### Exercise instructions
Set down exactly the lines in the records below that run from the line with "2018年3月7日,中共中央" to the line with "Después de que", inclusive, and nothing more.

### Data under study
------------
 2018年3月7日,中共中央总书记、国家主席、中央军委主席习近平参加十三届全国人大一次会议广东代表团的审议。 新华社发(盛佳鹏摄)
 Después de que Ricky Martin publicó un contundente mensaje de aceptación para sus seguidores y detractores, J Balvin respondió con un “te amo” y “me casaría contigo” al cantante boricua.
------------
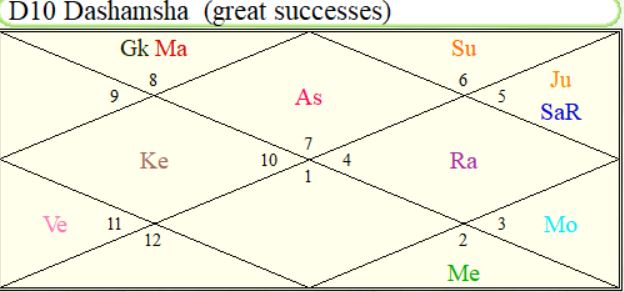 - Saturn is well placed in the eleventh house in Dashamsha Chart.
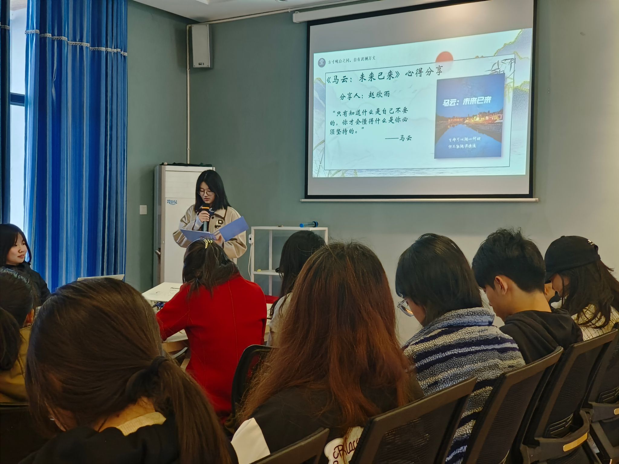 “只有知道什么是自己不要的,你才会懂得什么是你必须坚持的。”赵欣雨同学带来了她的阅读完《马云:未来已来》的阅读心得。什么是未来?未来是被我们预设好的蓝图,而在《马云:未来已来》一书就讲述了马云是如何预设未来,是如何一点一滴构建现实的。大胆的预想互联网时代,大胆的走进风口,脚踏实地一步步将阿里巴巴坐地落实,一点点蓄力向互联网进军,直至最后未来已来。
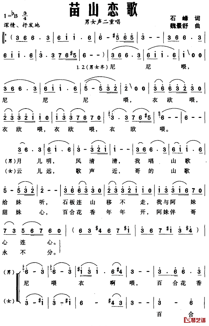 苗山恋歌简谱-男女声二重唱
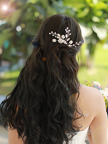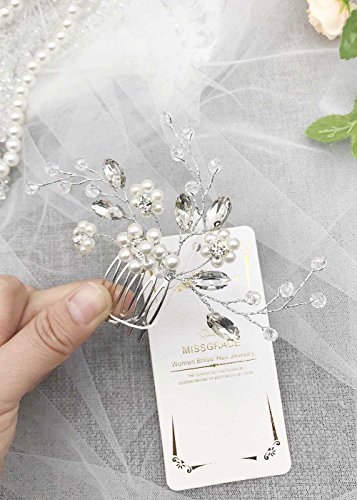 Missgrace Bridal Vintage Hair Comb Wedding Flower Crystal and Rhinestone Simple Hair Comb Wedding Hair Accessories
------------
### Solution to this problem
 2018年3月7日,中共中央总书记、国家主席、中央军委主席习近平参加十三届全国人大一次会议广东代表团的审议。 新华社发(盛佳鹏摄)
 Después de que Ricky Martin publicó un contundente mensaje de aceptación para sus seguidores y detractores, J Balvin respondió con un “te amo” y “me casaría contigo” al cantante boricua.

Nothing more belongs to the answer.